:: Your instructions ::
Where the listing below reaches the line containing "Umaria (10 km)", start writing out lines exactly, and stop once the line containing "Âü¿©¸¦ ±â´ëÇÑ´Ù¡±°í ¹àÇû´Ù." has been written.

:: Available data ::
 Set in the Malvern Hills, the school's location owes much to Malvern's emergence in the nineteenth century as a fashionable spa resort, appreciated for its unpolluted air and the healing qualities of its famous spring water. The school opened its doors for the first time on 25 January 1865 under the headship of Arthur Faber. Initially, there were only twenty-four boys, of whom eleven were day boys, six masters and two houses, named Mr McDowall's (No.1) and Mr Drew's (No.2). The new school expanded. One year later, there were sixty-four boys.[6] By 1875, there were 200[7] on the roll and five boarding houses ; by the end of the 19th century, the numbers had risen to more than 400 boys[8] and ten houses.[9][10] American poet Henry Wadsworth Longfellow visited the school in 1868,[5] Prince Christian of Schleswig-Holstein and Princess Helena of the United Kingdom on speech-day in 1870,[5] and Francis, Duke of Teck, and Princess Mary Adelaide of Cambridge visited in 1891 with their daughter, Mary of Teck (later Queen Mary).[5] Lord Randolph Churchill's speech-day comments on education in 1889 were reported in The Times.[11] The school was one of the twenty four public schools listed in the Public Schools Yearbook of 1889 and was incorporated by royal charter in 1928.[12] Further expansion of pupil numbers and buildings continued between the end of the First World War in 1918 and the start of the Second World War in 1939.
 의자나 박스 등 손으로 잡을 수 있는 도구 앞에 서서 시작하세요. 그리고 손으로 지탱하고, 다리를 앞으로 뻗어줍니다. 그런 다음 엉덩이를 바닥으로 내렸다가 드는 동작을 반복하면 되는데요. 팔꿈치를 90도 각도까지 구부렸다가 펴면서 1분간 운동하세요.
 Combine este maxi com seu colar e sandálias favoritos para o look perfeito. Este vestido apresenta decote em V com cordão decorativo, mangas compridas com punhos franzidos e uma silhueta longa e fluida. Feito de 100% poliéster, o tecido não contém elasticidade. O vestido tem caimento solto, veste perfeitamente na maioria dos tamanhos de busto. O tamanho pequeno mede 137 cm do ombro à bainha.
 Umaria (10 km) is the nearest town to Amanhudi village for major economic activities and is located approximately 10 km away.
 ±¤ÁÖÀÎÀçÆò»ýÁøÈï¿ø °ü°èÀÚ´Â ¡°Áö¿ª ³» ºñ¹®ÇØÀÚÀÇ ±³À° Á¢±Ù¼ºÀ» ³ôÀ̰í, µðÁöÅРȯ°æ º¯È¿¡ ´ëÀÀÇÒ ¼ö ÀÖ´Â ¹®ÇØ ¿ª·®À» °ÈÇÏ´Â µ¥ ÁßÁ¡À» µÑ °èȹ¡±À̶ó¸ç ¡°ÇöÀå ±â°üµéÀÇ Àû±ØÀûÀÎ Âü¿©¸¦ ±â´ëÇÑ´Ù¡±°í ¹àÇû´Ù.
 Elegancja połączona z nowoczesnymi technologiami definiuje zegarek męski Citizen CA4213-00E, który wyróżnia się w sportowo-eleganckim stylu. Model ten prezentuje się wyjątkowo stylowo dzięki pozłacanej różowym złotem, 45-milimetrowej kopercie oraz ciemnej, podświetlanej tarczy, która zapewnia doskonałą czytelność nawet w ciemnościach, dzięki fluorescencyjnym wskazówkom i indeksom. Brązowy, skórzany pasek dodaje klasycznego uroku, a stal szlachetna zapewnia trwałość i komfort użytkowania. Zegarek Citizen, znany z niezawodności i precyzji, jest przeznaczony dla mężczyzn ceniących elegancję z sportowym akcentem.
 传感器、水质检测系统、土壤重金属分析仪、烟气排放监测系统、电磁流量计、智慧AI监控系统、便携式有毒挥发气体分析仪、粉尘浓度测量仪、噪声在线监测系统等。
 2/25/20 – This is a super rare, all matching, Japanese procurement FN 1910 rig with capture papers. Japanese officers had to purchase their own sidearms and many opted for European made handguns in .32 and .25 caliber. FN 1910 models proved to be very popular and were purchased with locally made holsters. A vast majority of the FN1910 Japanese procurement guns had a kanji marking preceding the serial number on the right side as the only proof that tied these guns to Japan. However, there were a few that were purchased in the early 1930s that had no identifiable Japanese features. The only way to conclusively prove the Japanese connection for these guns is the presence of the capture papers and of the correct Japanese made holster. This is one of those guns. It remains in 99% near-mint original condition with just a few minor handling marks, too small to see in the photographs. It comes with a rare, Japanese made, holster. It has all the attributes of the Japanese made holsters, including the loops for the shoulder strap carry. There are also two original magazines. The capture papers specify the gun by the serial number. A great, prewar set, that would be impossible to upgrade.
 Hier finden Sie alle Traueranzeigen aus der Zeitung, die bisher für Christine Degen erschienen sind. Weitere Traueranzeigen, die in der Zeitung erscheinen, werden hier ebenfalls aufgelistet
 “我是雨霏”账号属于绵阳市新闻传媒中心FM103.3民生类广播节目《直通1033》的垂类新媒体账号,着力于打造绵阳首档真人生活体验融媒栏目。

:: Task output ::
 Umaria (10 km) is the nearest town to Amanhudi village for major economic activities and is located approximately 10 km away.
 ±¤ÁÖÀÎÀçÆò»ýÁøÈï¿ø °ü°èÀÚ´Â ¡°Áö¿ª ³» ºñ¹®ÇØÀÚÀÇ ±³À° Á¢±Ù¼ºÀ» ³ôÀ̰í, µðÁöÅРȯ°æ º¯È¿¡ ´ëÀÀÇÒ ¼ö ÀÖ´Â ¹®ÇØ ¿ª·®À» °ÈÇÏ´Â µ¥ ÁßÁ¡À» µÑ °èȹ¡±À̶ó¸ç ¡°ÇöÀå ±â°üµéÀÇ Àû±ØÀûÀÎ Âü¿©¸¦ ±â´ëÇÑ´Ù¡±°í ¹àÇû´Ù.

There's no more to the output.